Optionally, the eighth processing module includes: the fourteenth processing unit is configured to splice the title feature, the content feature, the number feature and the unit name feature corresponding to each bidding data according to a second preset splicing sequence to obtain a second splicing feature; and the fifteenth processing unit is used for encoding and encrypting the second splicing characteristics to obtain the group code of each bidding data.
Optionally, the method further comprises: the second acquisition module is used for acquiring the deduplication requirement; and the tenth processing module is used for carrying out the de-emphasis processing on the bidding data according to the de-emphasis requirement and the de-emphasis mark code corresponding to each piece of bidding data to obtain the de-emphasized bidding data.

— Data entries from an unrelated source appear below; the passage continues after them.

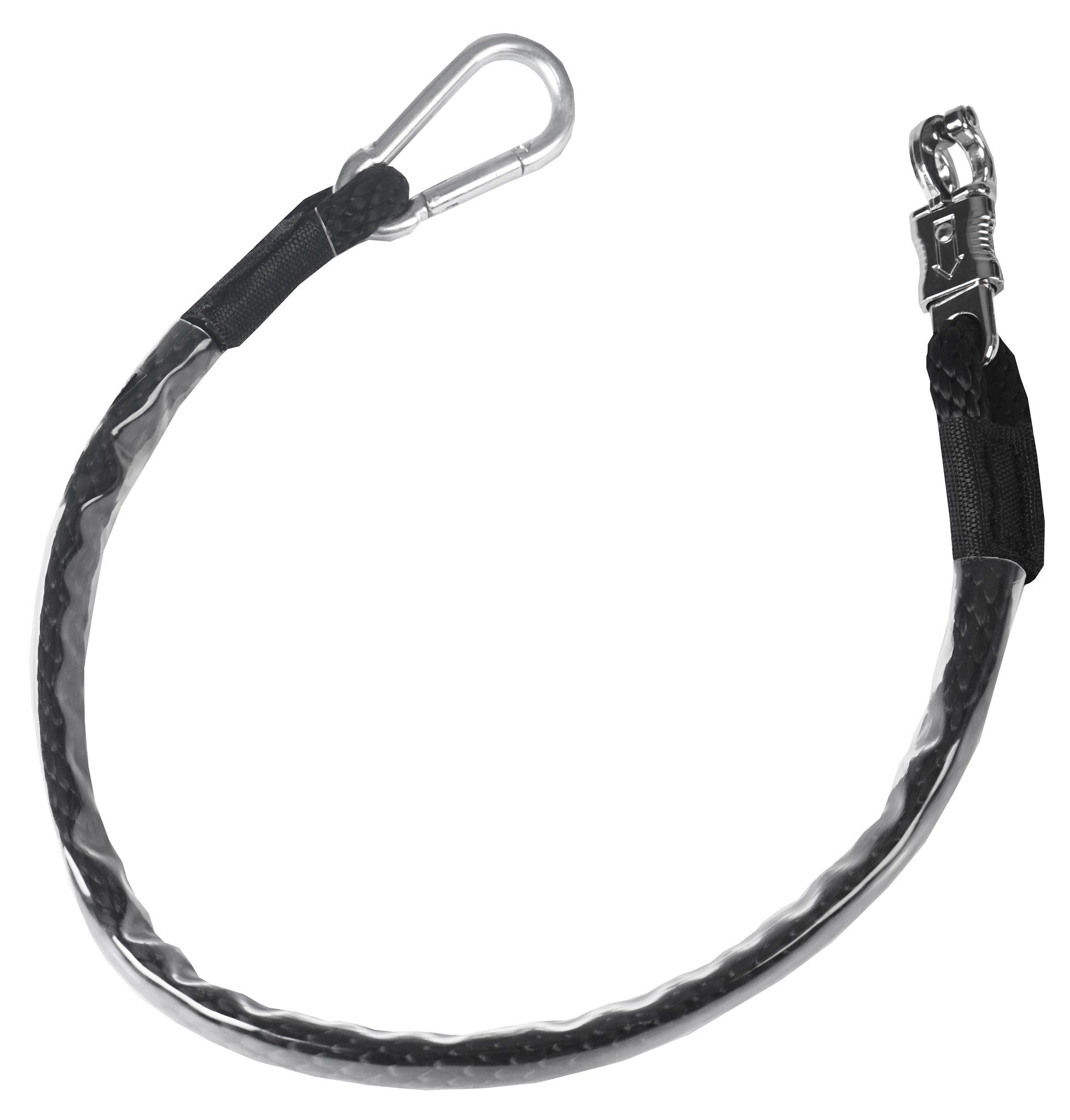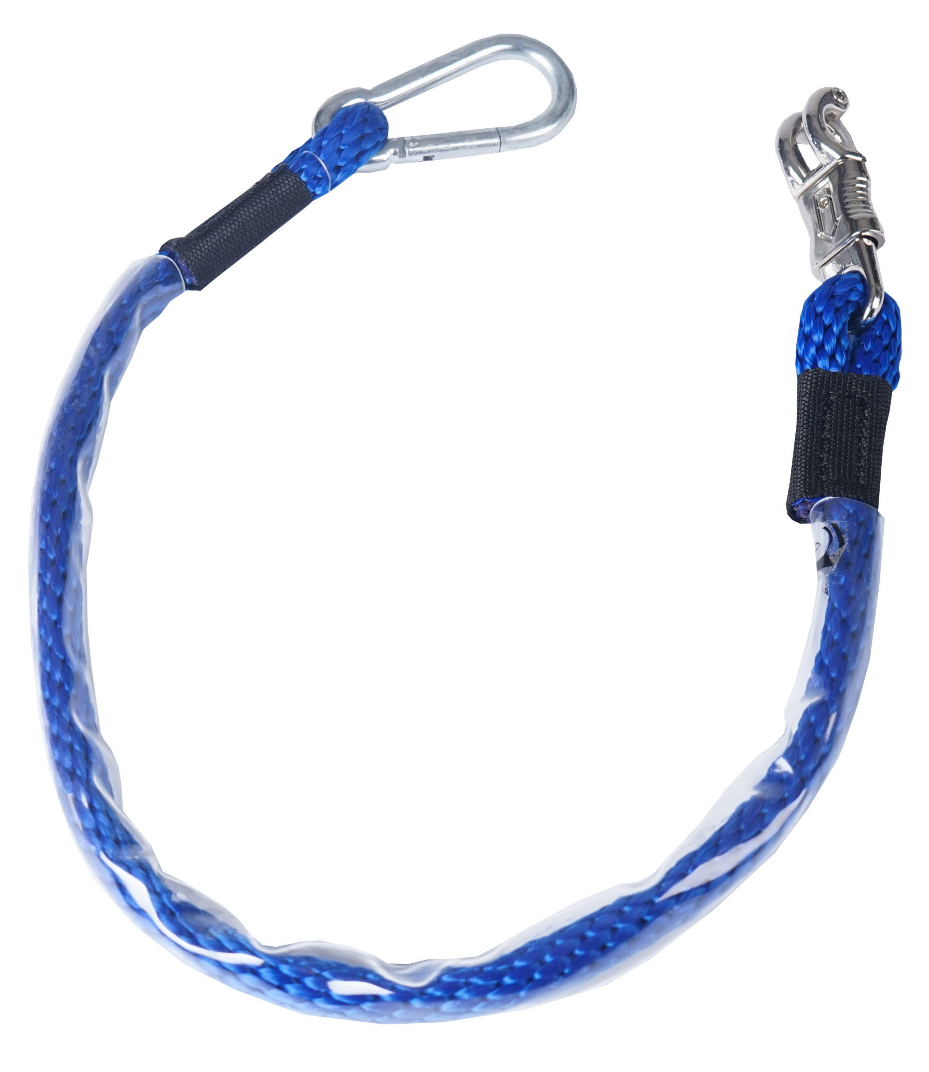 | This polyester line is covered with transparent PVC to reduce wear and has a spring hook and panic hook. Size: Total length (excluding hooks): 76cm. Total length (incl. Hooks): 90 cm. |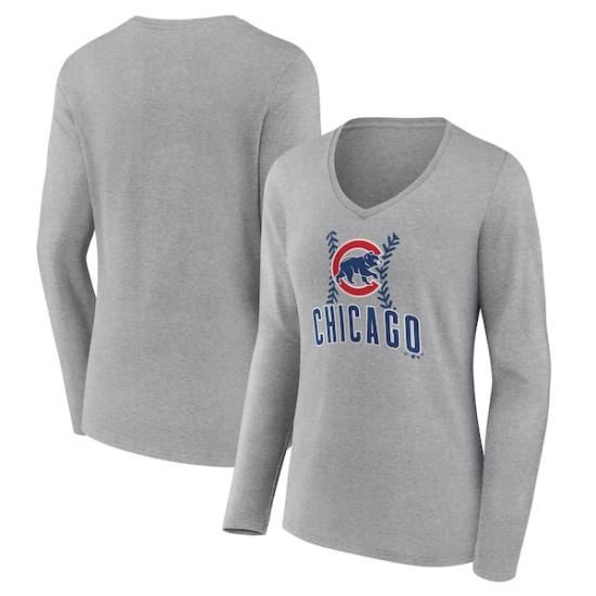 シカゴ・カブス レディース ファストボール ロングスリーブ Vネック Tシャツ - グレー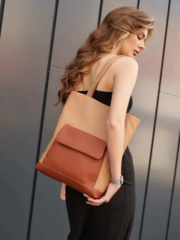 Дизайнерська жіноча сумка-шопер у коричнево-бежевому кольорі на будь-які випадки життя.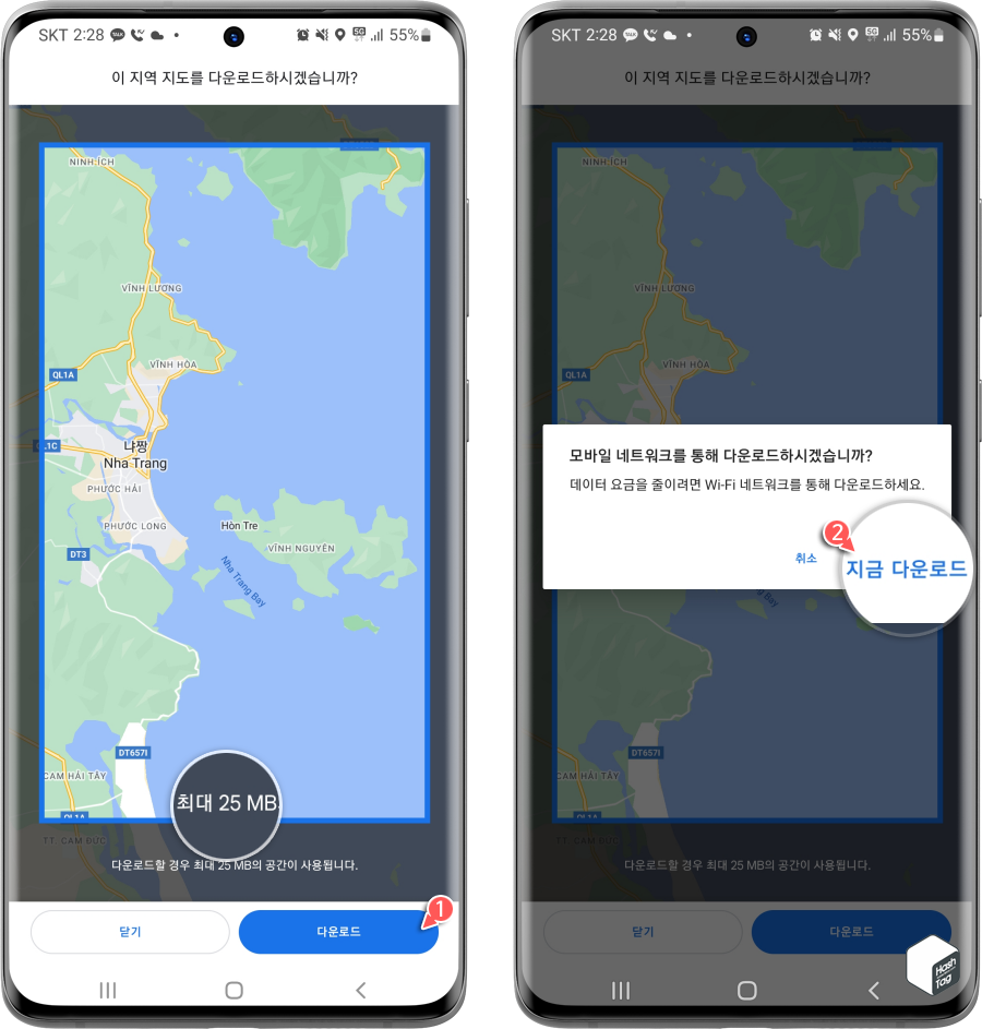 오프라인으로 이용하려는 지도의 영역을 정했다면 [다운로드] 버튼을 누릅니다. Wi-Fi 네트워크에 연결되어 있지 않다면 모바일 네트워크를 통해 다운로드할 수 있도록 [지금 다운로드]를 선택하여 데이터를 저장합니다. 참고로 영역선 하단에 사용자가 지정한 범위로 다운로드할 경우 사용되는 용량을 확인할 수 있습니다.
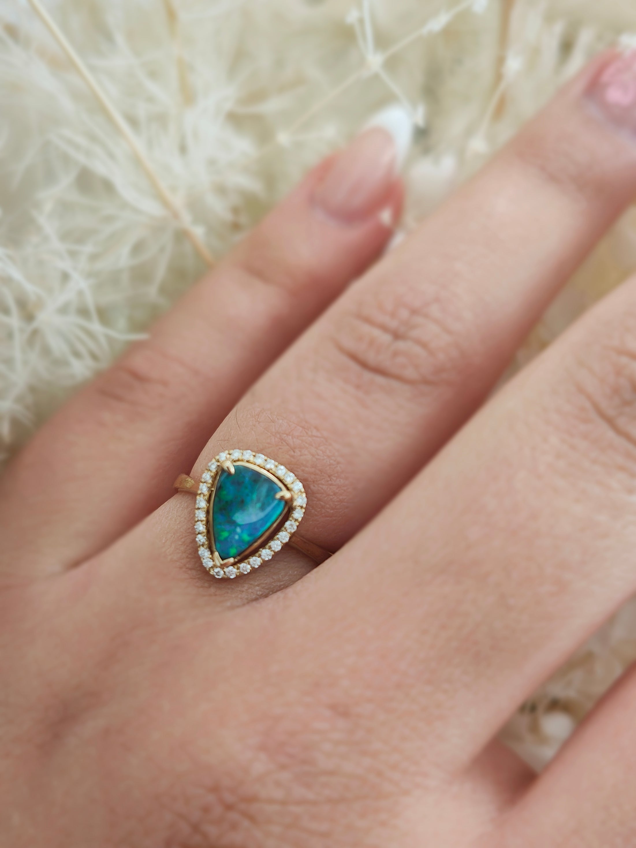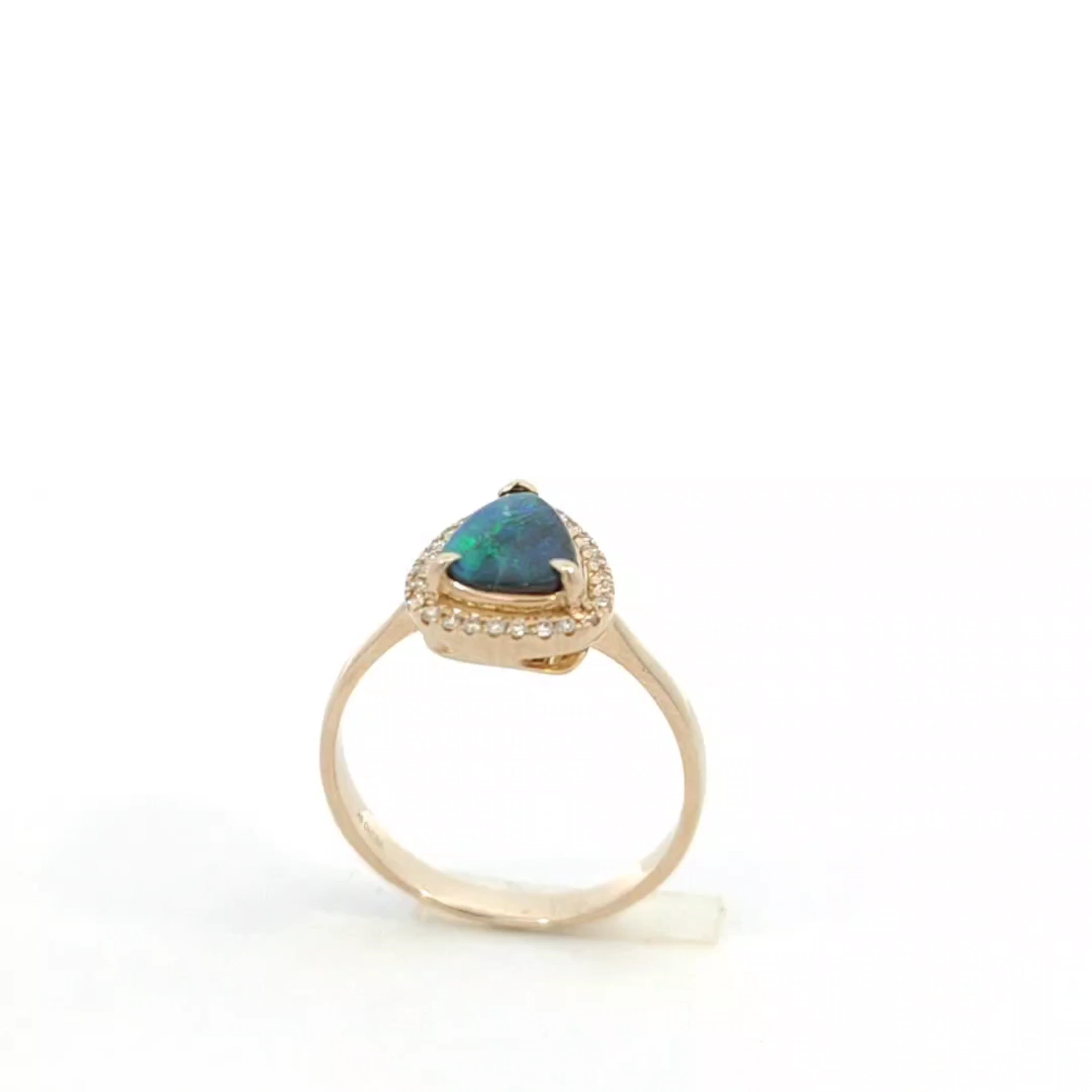 Discover the beauty of this elegant triangular opal ring, designed to captivate and inspire. The stunning opal centerpiece shimmers with vibrant colors, surrounded by a delicate band adorned with sparkling accents. Perfect for any occasion, this ring adds a touch of sophistication to your jewelry collection.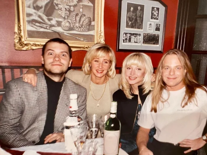 19. Федор Бондарчук, Оксана Пушкина и тогда ещё супруги Кристина Орбакайте и Владимир Пресняков в ресторане, 1991 год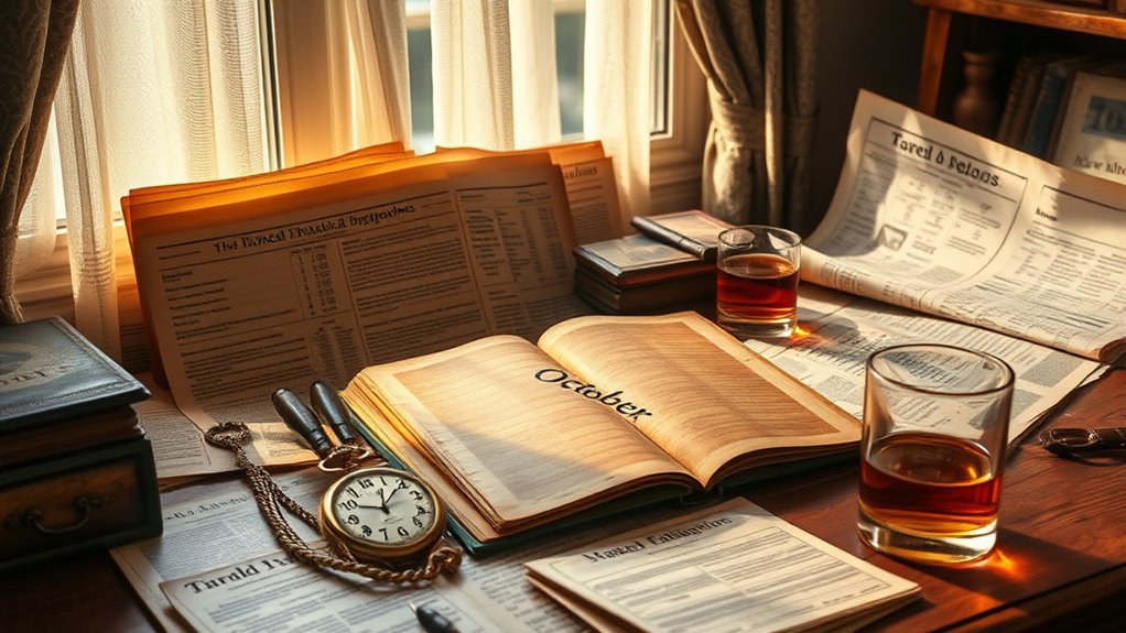 Your awareness of market superstition and investor psychology in October shapes how you approach investing. Twain’s humorous take highlights how these beliefs influence investor behavior, making you more cautious or anxious during this month. Recognizing these psychological cues lets you avoid panic-driven decisions, helping you stay rational. By understanding this, you can better navigate October’s peculiar market trends and maintain a steady, disciplined investment approach.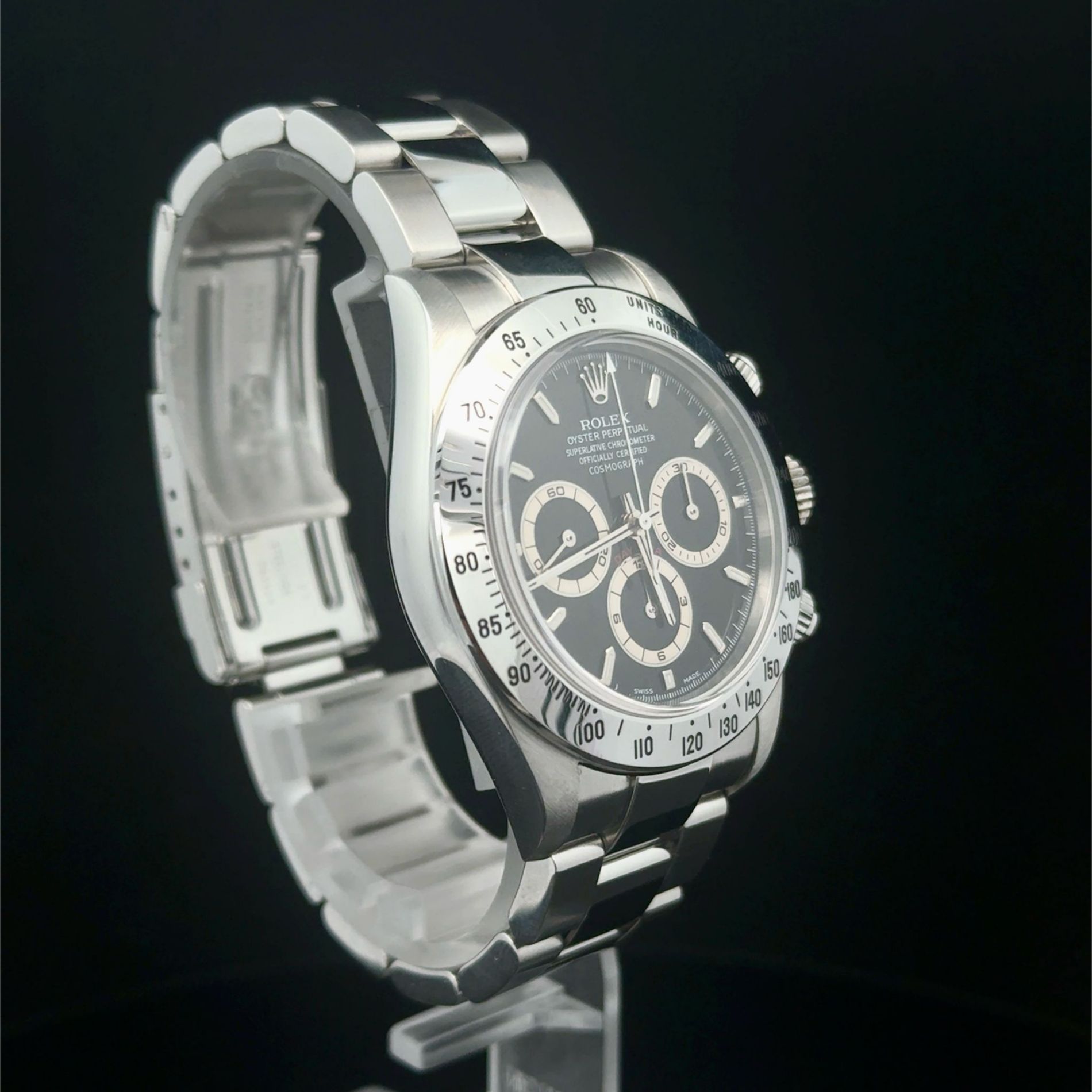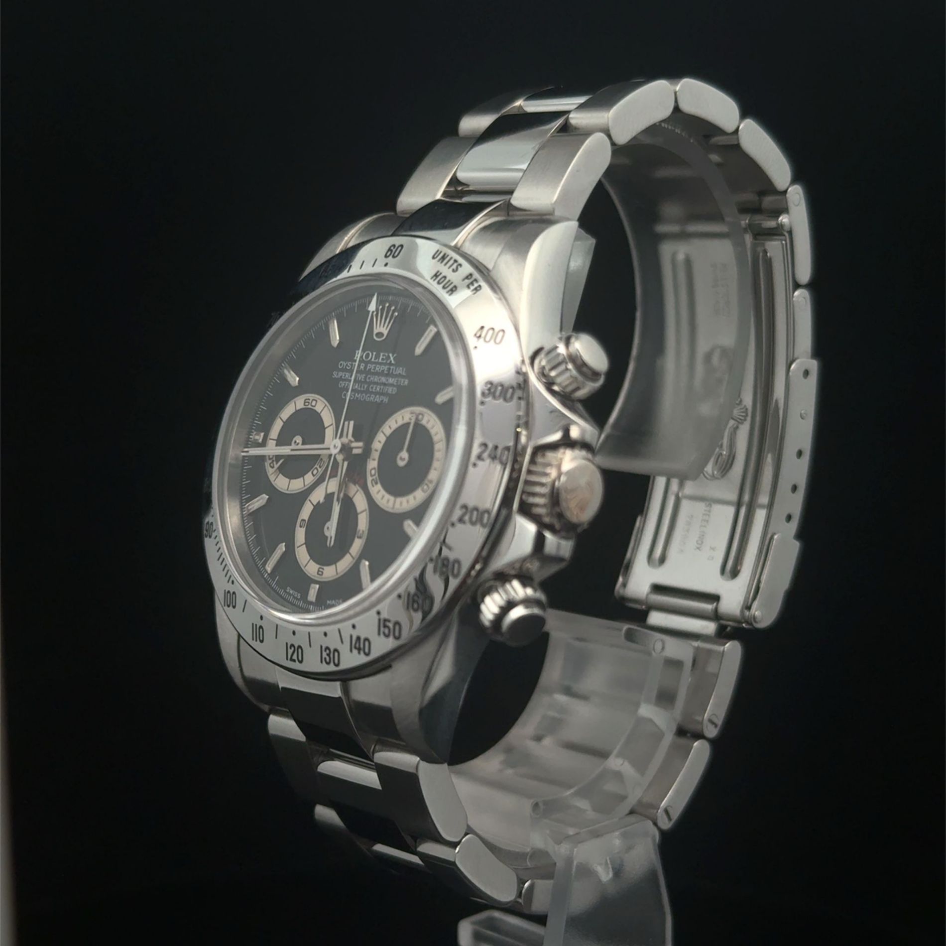 Marca Rolex Modello (Orologio) Daytona Numero di referenza 16520 Carica Automatico Materiale della cassa Acciaio Materiale cinturino Acciaio Anno di produzione 1999 Condizione ottimo Corredo documenti originali, no box Carica Automatico Movimento zenith el primero Materiale della cassa Acciaio Diametro 40 mm Impermeabile 10 ATM Materiale lunetta Acciaio Vetro Vetro zaffiro Quadrante nero Numeri sul quadrante Senza numeri Cinturino Materiale cinturino Acciaio Colore cinturino Acciaio Chiusura Déployante Materiale chiusura Acciaio Un anno di garanzia del negozio - COMMISSIONE D’ASTA 25%

Optionally, when the deduplication requirement is deduplication according to data encoding in a deduplication marker code, the tenth processing module includes: the sixteenth processing unit is used for carrying out coding sorting on the bidding data according to the data codes; the second acquisition unit is used for acquiring the collection and storage time of each bidding data; the seventeenth processing unit is used for carrying out time sequencing on the bidding data with the same data codes according to the collection and storage time; and the eighteenth processing unit is used for reserving the bid data with the earlier collection and storage time in the bid data with the same data codes and taking the bid data with the earlier collection and storage time as the bid data after the de-emphasis.
According to a third aspect, an embodiment of the present invention provides an electronic device, including: at least one processor; and a memory communicatively coupled to the at least one processor; wherein the memory stores a computer program executable by the at least one processor, the computer program being executable by the at least one processor to cause the at least one processor to perform the method of generating a data de-duplication marking code as described in any one of the above first aspects.
According to a fourth aspect, an embodiment of the present invention provides a computer-readable storage medium, where computer instructions are stored, and the computer instructions are configured to cause a computer to execute the data deduplication mark code generation method described in any one of the first aspect above.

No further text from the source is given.